NATIONAL MEDIA RELEASE                                                                                                                         

New combination therapy now reimbursed for Australians living with incurable blood cancer

Australians living with the incurable blood cancer, multiple myeloma1 now have access to a new treatment option with today’s listing of REVLIMID® (lenalidomide) in combination with bortezomib (Velcade) and dexamethasone (RVd) on the Pharmaceutical Benefits Scheme (PBS).2


The three drug regimen will be reimbursed on the PBS for the treatment of all newly diagnosed Multiple Myeloma (NDMM) patients, irrespective of transplant eligibility, from June 1, 2020.2


Known as a triplet therapy, each drug in the RVd combination has a different mechanism of action to kill myeloma cells, and all work together to help fight the disease.3


This announcement coincides with an article just published in Medical Journal of Australia’s MJA Insight, highlighting the importance of maximising first-line therapy for myeloma.4


According to article author, Professor Miles Prince, Clinical Haematologist and Director of Cancer Immunology and Molecular Oncology (Epworth Healthcare, Melbourne): “The typical journey of a patient with myeloma is one of response, remission and relapse,5 so early intervention with first-line treatment options remains the best opportunity to optimise long term patient outcomes.


“While myeloma remains incurable, the survival rate for the disease has significantly improved over the past two decades, with the median survival rate having more than doubled to seven years,.6, 7 said Prof Prince.

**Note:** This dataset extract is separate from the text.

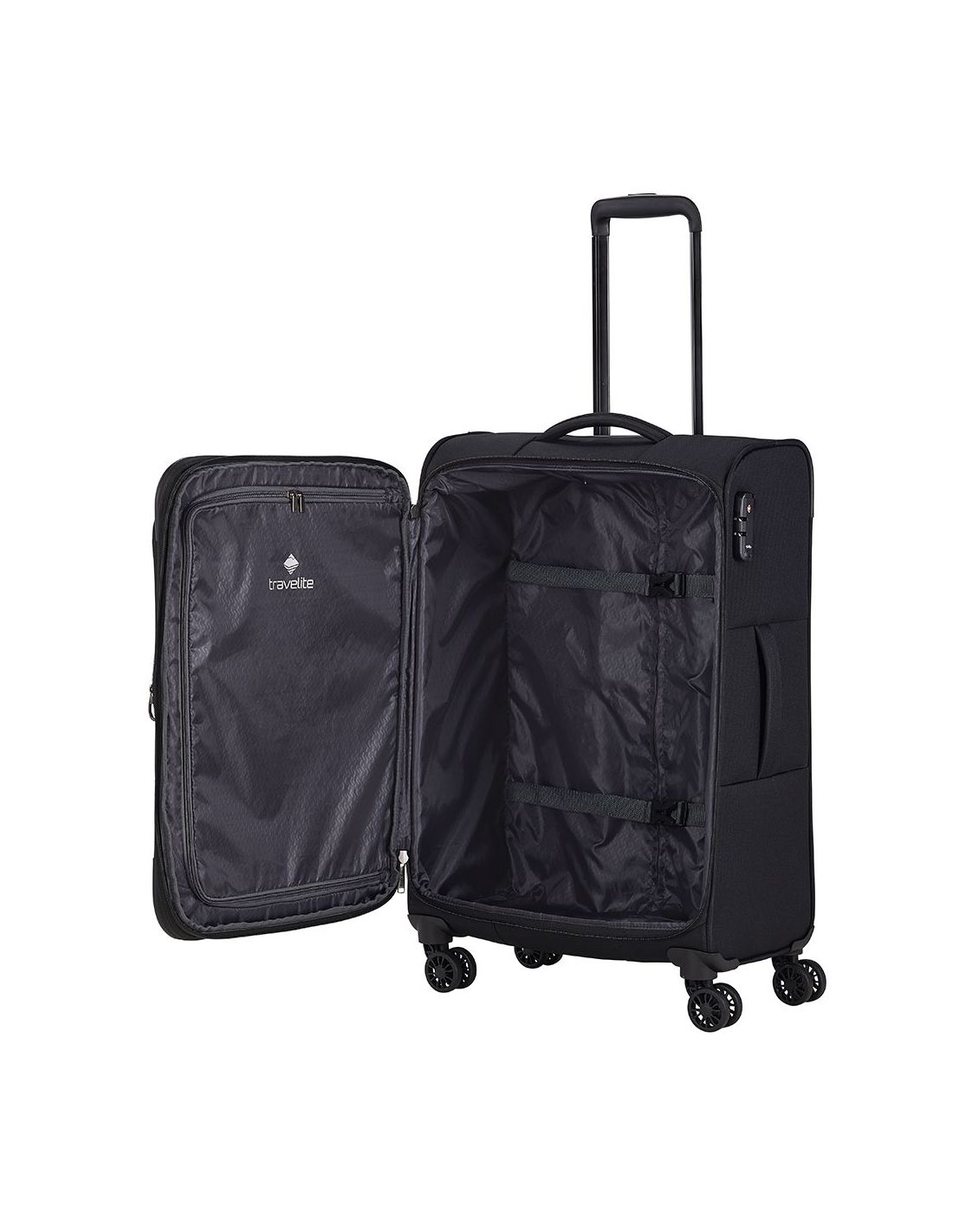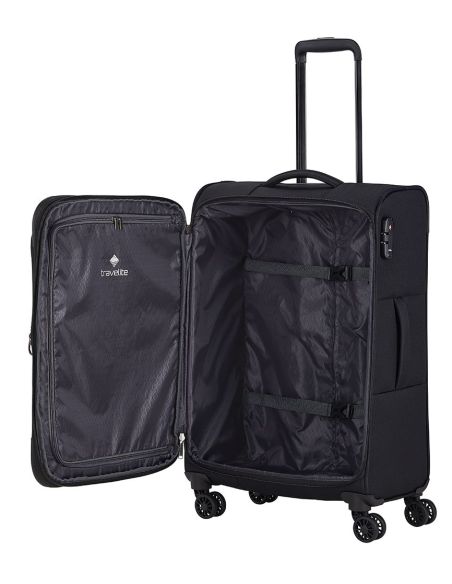 De Travelite Chios 4 Wiel koffer 67cm Expandable Zwart is een veelzijdige reisgezel die zich perfect leent voor zowel vakantiegangers als zakenreizigers. Uitgerust met vier soepele roterende wielen en een telescopische trekstang, biedt de koffer moeiteloos transport, terwijl de handvaten aan de boven- en zijkant extra comfort en gebruiksgemak bieden.

“The listing of these treatments on the PBS is critical to improving patient access, and the reimbursement of an additional first-line therapy option for multiple myeloma is welcomed news.”


Multiple myeloma is an incurable blood cancer that develops from plasma cells, a type of white blood cell found in the bone marrow.8, 9


Representing Australia’s third most common blood cancer (after lymphoma and leukaemia),10, 11 approximately 18,000 Australians are living with multiple myeloma at any given time,1 only half of whom will survive five years post- diagnosis.12


Myeloma Australia CEO, Steve Roach, said today’s PBS listing of RVd is good news for the Australian myeloma community.


“This is the first time in Australia that the major treatment options for myeloma have been reimbursed as a triplet therapy. I’m really pleased that the government and the Pharmaceutical Benefits Advisory Committee (PBAC) have seen the importance of this and would like to congratulate them on reimbursing another treatment option for the Australian myeloma community.

“It’s really important for Australians living with myeloma that they have another treatment option, as improved access to therapy options is what can give families more time with their loved ones,” said Mr Roach.


The incurable nature of multiple myeloma and the likelihood of relapse, may have a psychological impact on patients, who can continue to live in fear even during periods of remission.13, 14


Diagnosed with multiple myeloma in December 2018, wife and mother-to-two, Maria (53) is focused on living long enough to see her children grow up.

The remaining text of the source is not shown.